BEGIN

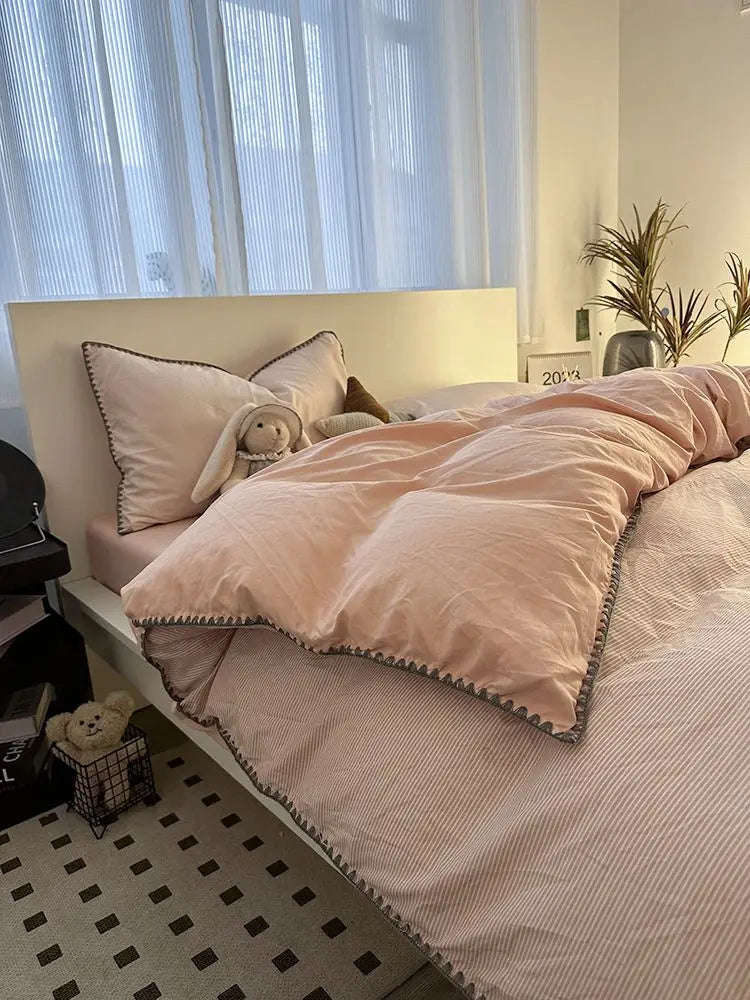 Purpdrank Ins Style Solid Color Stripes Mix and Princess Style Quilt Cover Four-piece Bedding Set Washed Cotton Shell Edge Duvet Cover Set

END
BEGIN

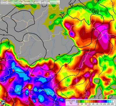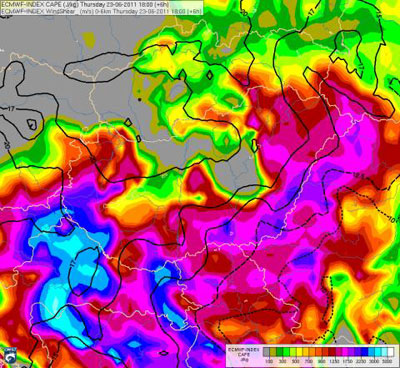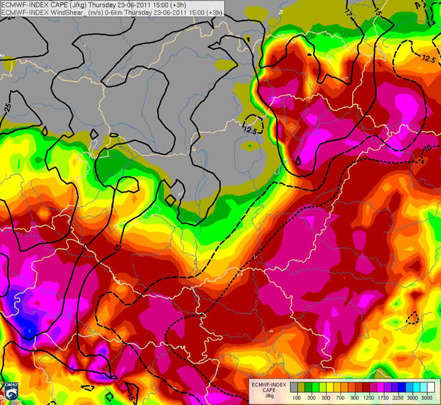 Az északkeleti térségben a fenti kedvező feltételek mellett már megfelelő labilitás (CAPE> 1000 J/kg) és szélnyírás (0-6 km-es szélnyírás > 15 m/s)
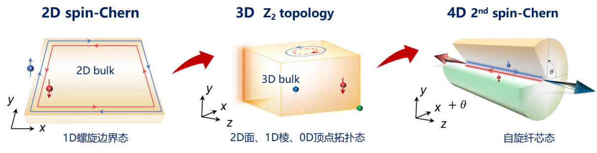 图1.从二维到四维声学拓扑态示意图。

END

**Instructions to follow**: Look above for the line with "Az északkeleti térségben" and the line with "图1.从二维到四维声学拓扑态示意图。". Output those two and everything between them exactly, pictures excluded.

**Solution to the exercise**:
 Az északkeleti térségben a fenti kedvező feltételek mellett már megfelelő labilitás (CAPE> 1000 J/kg) és szélnyírás (0-6 km-es szélnyírás > 15 m/s)
 图1.从二维到四维声学拓扑态示意图。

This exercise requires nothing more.